- Interactive map of Pink Geyser
- Location: Lower Geyser Basin, Yellowstone National Park, Teton County, Wyoming
- Coordinates: 44°32′36″N 110°47′47″W﻿ / ﻿44.5433745°N 110.7963353°W
- Type: Fountain-type geyser
- Eruption height: 20 feet (6.1 m)
- Frequency: 2 to 12 hours
- Duration: usually 3 to 8 minutes
- Temperature: 91.1 °C (196.0 °F)

= Pink Geyser =

Geyser in the Lower Geyser Basin of Yellowstone National Park

Pink Geyser is a fountain-type geyser in the Lower Geyser Basin of Yellowstone National Park in the United States.

Pink Geyser is part of the Pink Cone Group.
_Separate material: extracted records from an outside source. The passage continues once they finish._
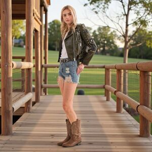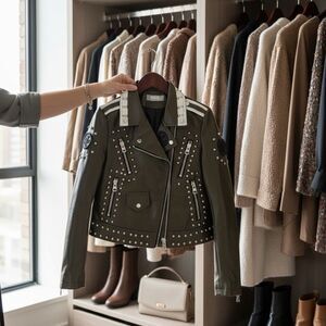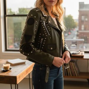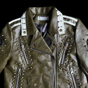 Blue B NWT Studded Vegan Leather Moto Jacket – Fantasy Rebel Look, Size Small
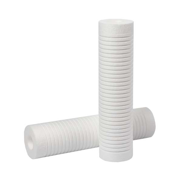 PP棉濾芯采用衛(wèi)生級聚丙烯為原料,經(jīng)過加熱熔融噴絲牽引形成孔徑梯度的深層過濾濾芯,整體一次性生產(chǎn)而成。通量大、價格便宜,常用于液體的預過濾。
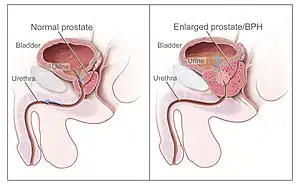 Benign prostatic hyperplasia (BPH), also called prostate enlargement, is a noncancerous increase in size of the prostate gland.[1] Symptoms may include frequent urination, trouble starting to urinate, weak stream, inability to urinate, or loss of bladder control.[1] Complications can include urinary tract infections, bladder stones, and chronic kidney problems.[2]
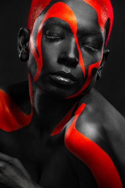709933742 The Art Face. How To Make A Mixtape Cover Design - Download High Resolution Picture with Black and yellow body paint on african woman for your Music Song. Create Album Template with Creative Image
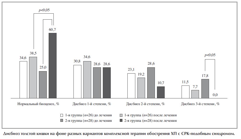 2. Дисбиоз толстой кишки на фоне разных вариантов комплексной терапии обострения ХП с СРК-подобным синдромом.

Other geysers in this groups include Bead Geyser, Box Spring, Dilemma Geyser, Labial Geyser, Labial's Satellite Geyser, Narcissus Geyser, and Pink Cone Geyser.
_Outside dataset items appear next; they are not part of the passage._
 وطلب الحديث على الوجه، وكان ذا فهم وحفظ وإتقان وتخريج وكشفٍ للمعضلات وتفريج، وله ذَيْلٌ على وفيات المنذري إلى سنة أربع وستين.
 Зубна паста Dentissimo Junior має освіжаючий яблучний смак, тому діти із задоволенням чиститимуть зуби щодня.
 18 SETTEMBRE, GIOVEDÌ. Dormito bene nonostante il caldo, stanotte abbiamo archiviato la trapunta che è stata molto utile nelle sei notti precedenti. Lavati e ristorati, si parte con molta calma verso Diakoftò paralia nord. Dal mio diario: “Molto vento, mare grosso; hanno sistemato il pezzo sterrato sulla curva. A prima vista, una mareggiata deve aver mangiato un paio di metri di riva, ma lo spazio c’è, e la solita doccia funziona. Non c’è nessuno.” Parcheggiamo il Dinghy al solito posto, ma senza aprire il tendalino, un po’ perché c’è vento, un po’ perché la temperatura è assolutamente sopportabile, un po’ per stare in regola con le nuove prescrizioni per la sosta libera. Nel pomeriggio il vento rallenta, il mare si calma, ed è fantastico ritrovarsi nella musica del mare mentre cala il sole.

Most eruptions of Pink Geyser last about 3 to 8 minutes and reach 20 ft in height and end with a steam phase. Intervals (= eruption start to eruption start) are less than 2 to 12 hours, with a median of about 3.5 hours. (see also the GeyserTimes.org database)

Pink Geyser was named for the pinkish coloration of the geyserite around its vent, which is attributed to manganese oxide and iron oxide staining. Similar colors occur at nearby geysers, including Pink Cone Geyser and Narcissus Geyser. This indicates a common water chemistry, but their eruptive behaviors do not affect each other.

Pink Geyser is susceptible to seismic activity. Before the 1983 Borah Peak earthquake, it only erupted twice a day. Following the quake, its interval shortened to between 5 and 7 hours. The 2002 Denali earthquake shortened the intervals even more.